→ Problem statement
Using the listing below, please print exactly the lines from the one with "Dazzle in the" through the one with "An outdoor apiary". Leave out every picture.
*** Block opens ***
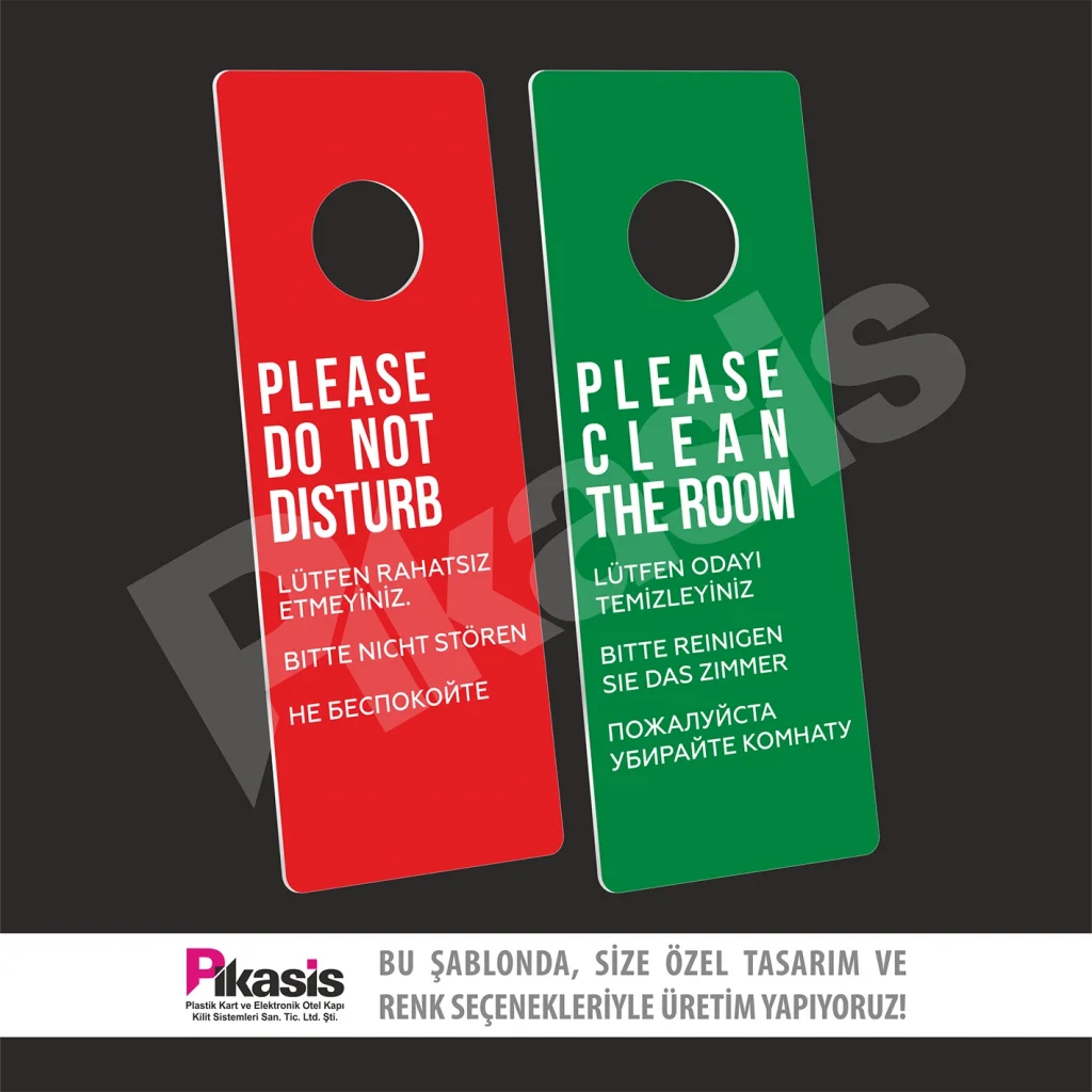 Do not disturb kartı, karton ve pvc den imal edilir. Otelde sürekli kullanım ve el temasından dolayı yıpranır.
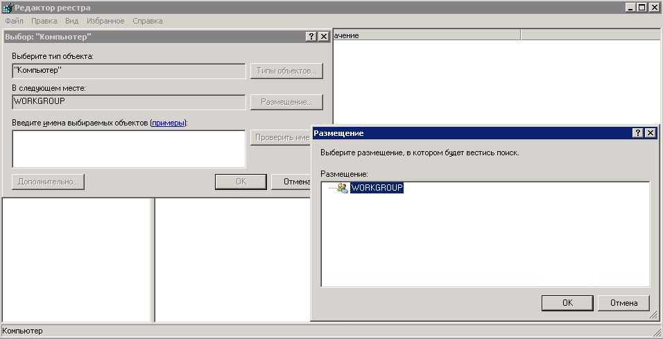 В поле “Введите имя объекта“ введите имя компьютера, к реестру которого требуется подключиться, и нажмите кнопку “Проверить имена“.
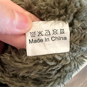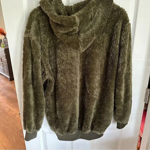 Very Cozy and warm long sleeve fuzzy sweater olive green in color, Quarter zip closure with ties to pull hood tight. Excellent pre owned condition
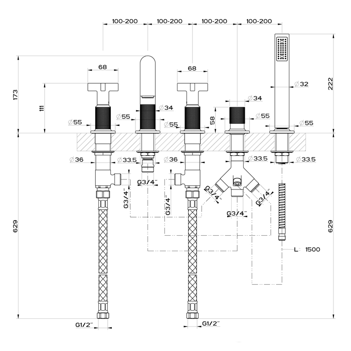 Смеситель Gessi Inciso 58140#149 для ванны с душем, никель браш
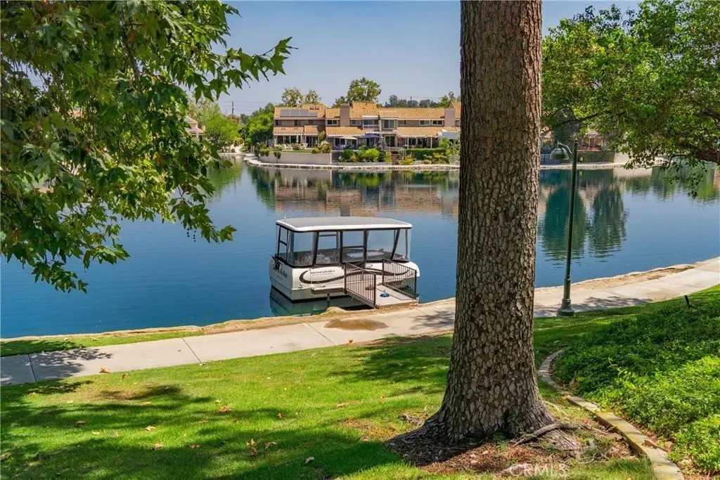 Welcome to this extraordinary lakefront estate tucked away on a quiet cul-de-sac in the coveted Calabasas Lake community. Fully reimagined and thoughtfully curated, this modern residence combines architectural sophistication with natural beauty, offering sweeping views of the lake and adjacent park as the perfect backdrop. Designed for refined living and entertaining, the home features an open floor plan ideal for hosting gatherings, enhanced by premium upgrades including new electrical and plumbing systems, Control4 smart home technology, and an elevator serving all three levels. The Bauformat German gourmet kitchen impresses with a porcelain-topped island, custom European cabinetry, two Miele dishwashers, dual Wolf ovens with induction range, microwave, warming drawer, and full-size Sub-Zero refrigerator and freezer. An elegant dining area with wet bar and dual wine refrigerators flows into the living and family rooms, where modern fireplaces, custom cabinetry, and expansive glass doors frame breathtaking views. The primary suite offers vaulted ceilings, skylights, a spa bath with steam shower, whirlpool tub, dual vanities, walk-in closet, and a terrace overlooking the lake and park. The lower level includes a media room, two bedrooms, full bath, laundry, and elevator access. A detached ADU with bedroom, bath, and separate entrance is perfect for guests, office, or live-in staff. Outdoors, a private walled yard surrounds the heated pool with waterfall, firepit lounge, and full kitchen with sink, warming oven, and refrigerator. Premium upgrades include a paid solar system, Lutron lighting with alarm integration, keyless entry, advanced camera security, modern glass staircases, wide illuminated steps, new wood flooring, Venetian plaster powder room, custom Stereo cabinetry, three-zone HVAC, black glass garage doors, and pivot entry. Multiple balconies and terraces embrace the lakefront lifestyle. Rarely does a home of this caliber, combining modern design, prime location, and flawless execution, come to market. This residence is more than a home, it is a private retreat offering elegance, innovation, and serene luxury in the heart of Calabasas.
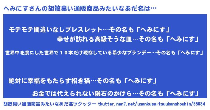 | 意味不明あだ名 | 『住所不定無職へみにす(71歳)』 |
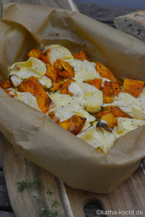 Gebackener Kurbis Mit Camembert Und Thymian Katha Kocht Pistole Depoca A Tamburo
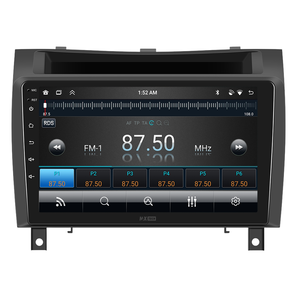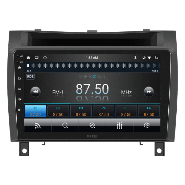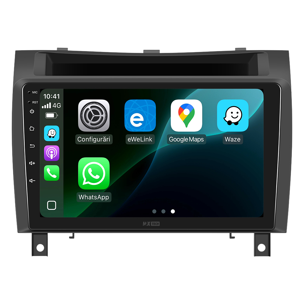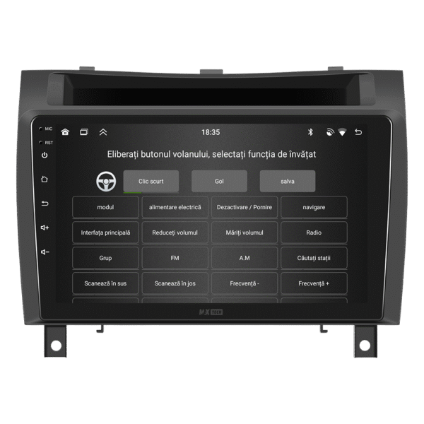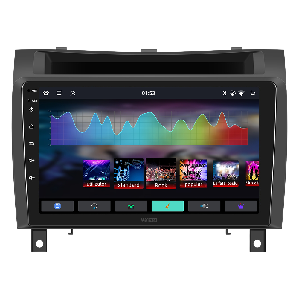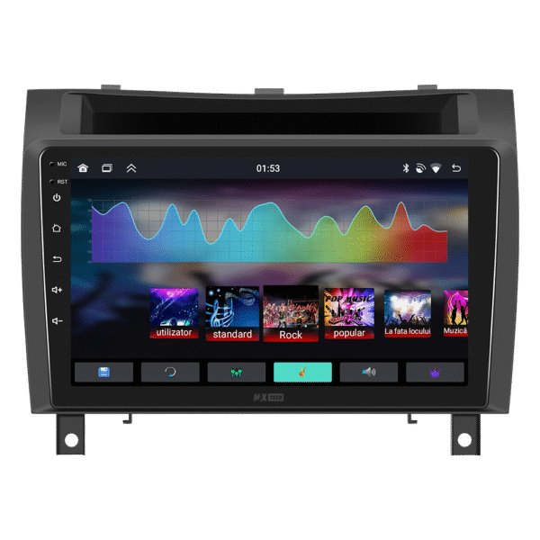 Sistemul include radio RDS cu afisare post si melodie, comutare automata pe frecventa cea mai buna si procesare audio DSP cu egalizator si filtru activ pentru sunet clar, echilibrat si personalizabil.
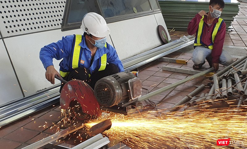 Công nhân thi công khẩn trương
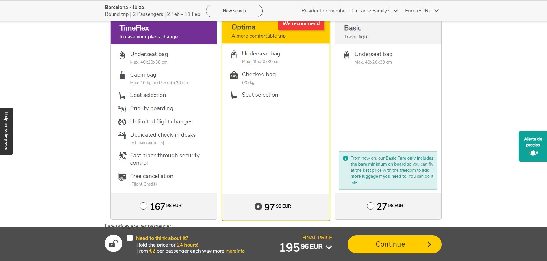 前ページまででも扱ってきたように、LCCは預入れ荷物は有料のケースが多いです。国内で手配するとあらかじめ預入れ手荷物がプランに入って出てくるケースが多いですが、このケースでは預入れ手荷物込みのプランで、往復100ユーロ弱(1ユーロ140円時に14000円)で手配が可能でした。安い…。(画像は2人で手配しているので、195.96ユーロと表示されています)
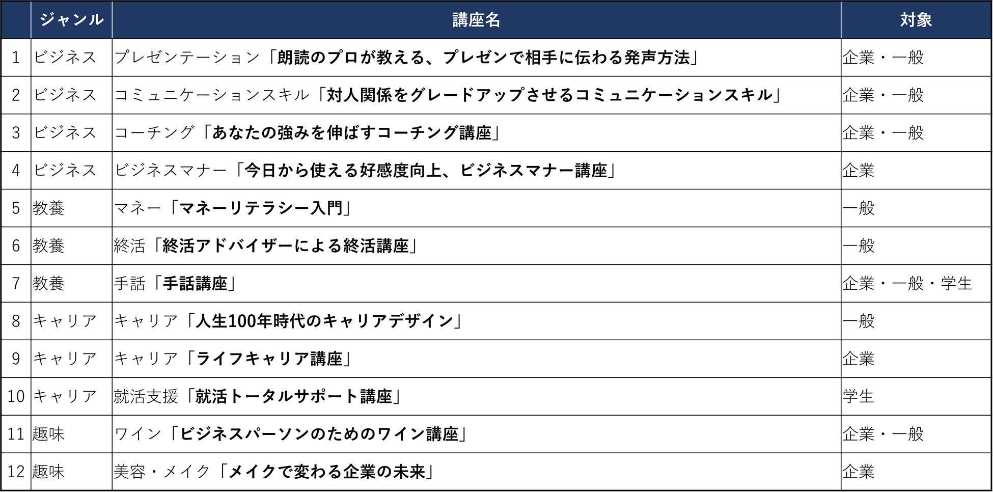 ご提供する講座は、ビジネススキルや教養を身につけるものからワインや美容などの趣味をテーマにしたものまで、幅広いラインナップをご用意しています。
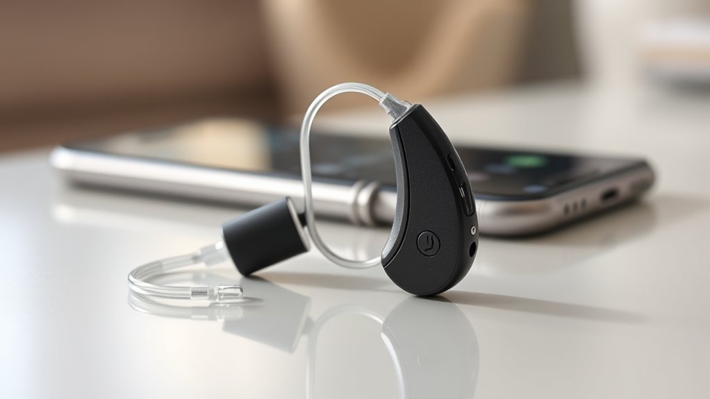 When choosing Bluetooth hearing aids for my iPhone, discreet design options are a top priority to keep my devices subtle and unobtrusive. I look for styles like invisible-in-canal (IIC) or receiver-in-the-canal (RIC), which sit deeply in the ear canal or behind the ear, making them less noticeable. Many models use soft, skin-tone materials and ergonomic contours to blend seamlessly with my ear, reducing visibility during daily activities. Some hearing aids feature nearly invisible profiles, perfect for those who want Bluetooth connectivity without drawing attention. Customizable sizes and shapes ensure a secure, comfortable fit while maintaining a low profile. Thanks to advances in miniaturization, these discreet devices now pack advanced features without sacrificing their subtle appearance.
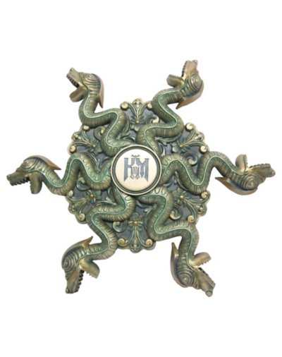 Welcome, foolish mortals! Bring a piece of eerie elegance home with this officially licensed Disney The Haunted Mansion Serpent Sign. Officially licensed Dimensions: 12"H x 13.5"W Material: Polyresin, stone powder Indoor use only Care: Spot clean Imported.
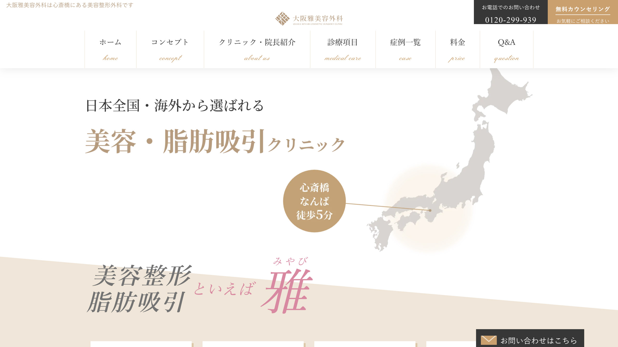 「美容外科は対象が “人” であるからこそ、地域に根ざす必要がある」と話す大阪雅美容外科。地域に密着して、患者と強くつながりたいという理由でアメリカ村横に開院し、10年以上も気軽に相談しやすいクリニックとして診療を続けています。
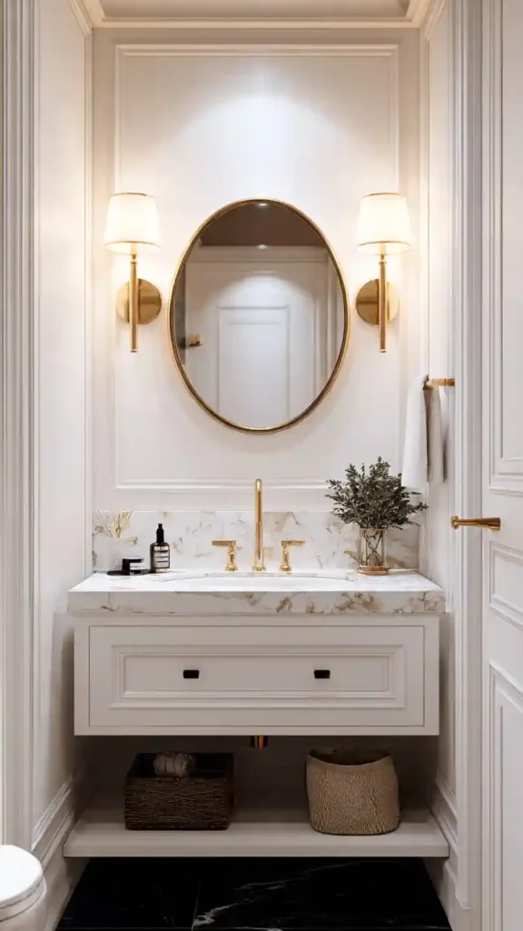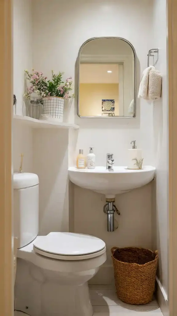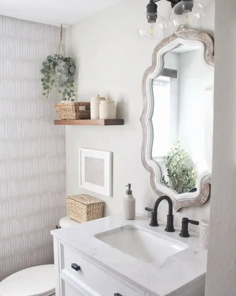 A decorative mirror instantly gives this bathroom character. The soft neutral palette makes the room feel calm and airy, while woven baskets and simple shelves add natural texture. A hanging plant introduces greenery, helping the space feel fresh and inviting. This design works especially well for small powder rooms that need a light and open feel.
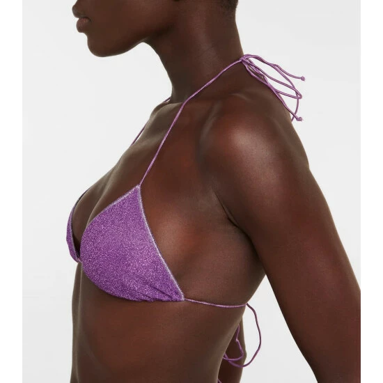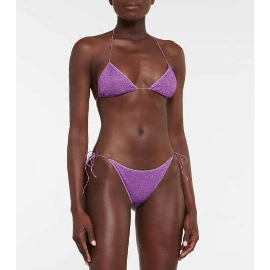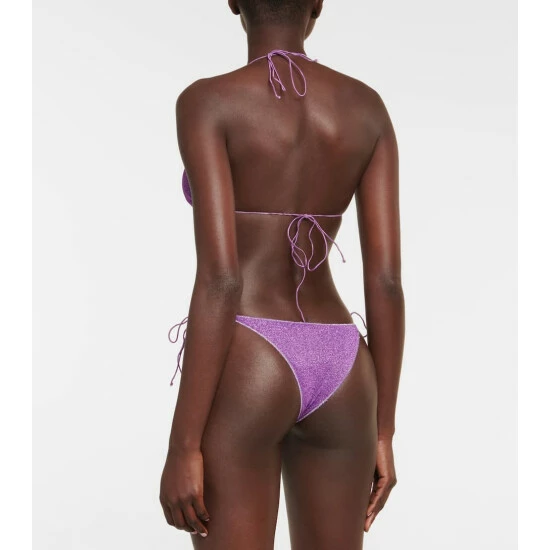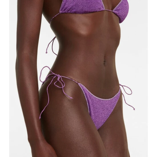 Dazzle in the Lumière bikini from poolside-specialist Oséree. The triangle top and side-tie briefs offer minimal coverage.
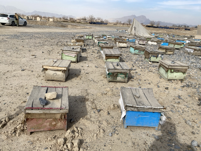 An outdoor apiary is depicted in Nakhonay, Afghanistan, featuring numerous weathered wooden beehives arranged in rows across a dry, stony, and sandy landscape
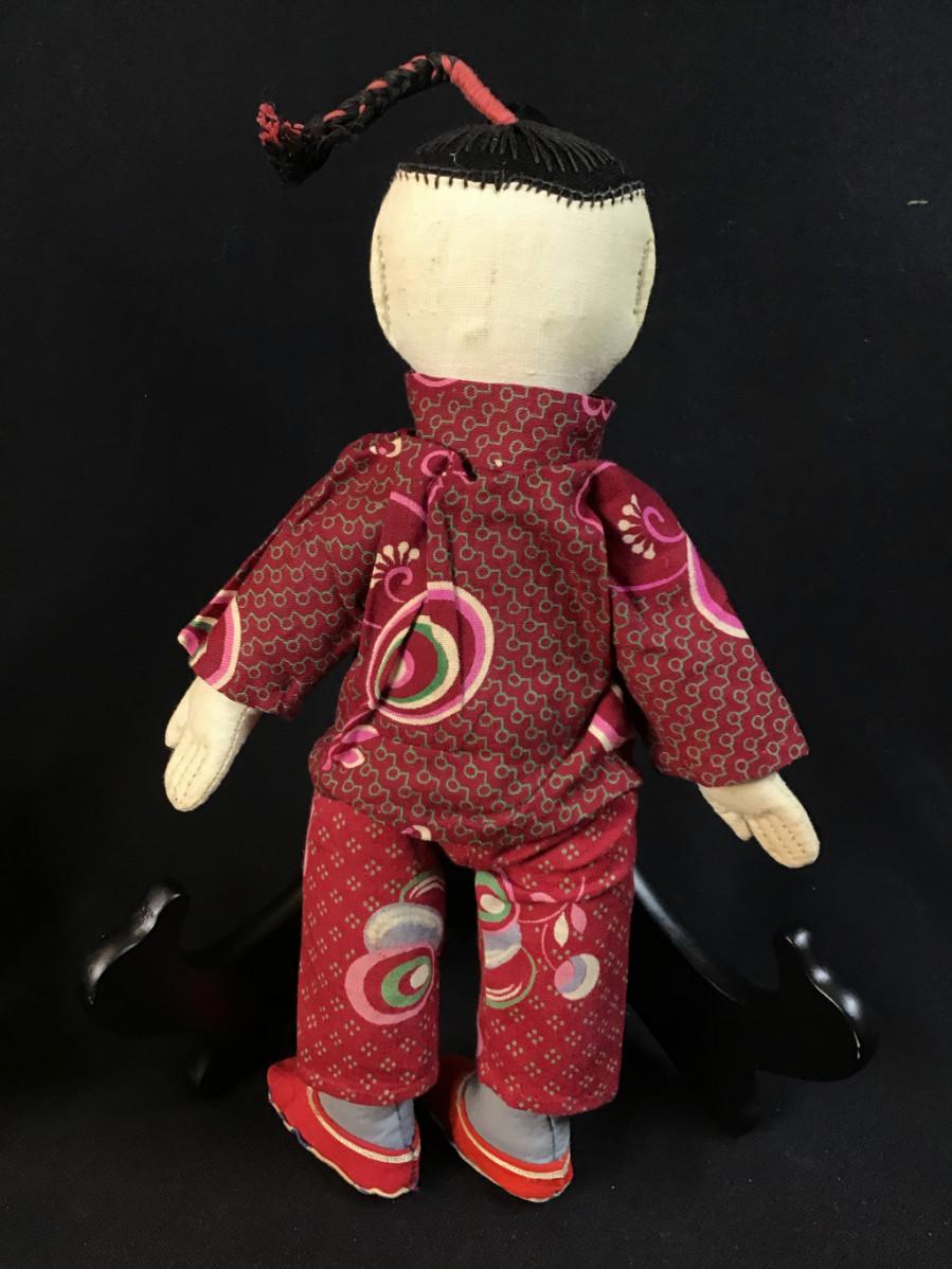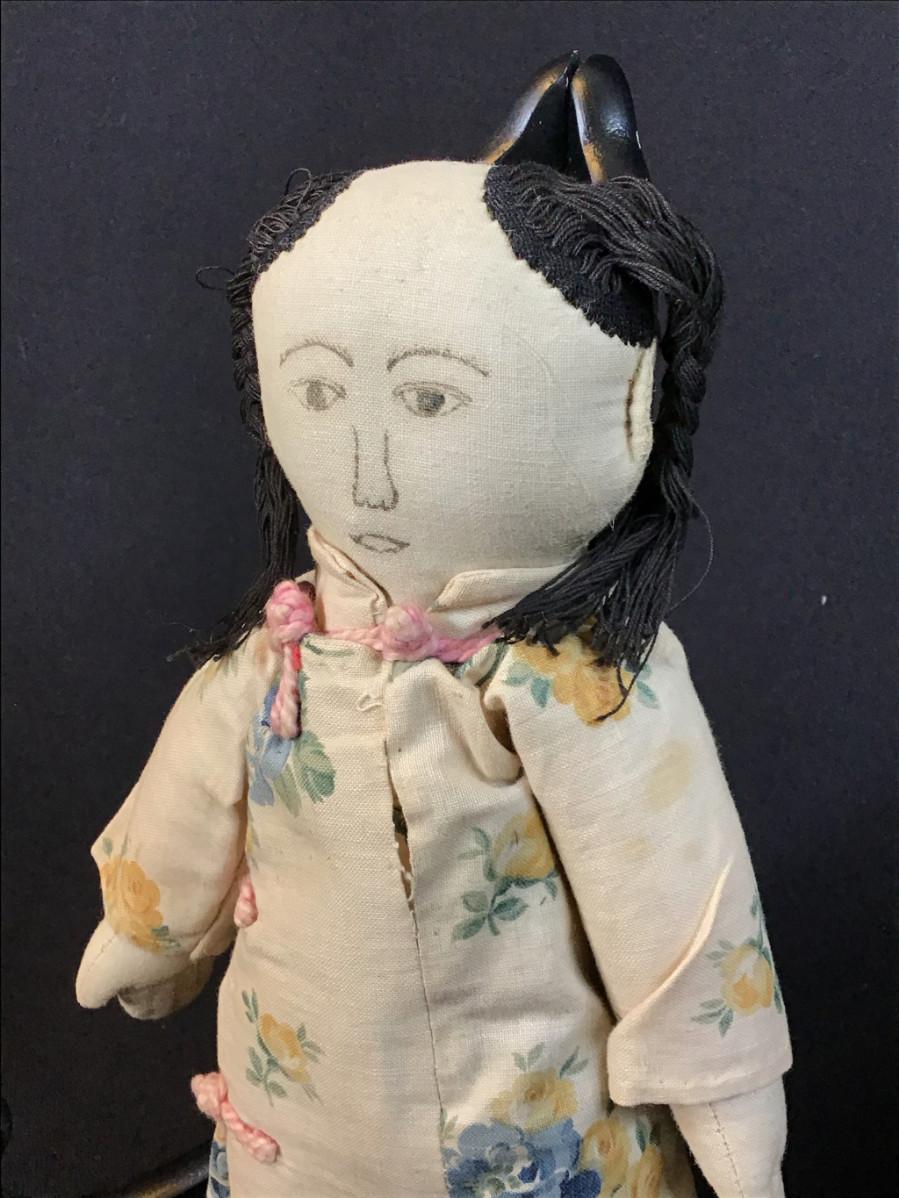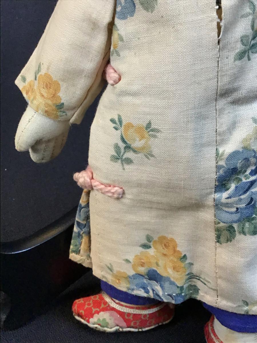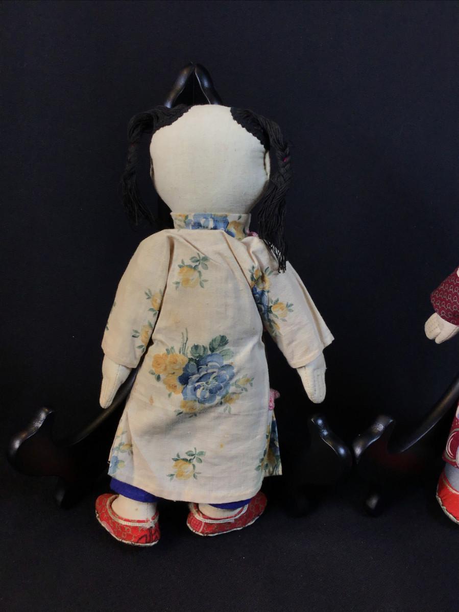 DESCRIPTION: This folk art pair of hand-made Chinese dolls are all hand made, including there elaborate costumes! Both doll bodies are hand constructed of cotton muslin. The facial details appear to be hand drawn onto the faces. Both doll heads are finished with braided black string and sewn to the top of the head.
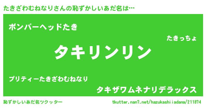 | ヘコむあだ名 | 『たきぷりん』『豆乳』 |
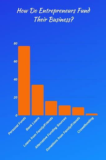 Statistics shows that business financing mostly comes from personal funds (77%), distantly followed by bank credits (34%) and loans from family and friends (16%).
*** Block closes ***
→ Written response
 Dazzle in the Lumière bikini from poolside-specialist Oséree. The triangle top and side-tie briefs offer minimal coverage.
 An outdoor apiary is depicted in Nakhonay, Afghanistan, featuring numerous weathered wooden beehives arranged in rows across a dry, stony, and sandy landscape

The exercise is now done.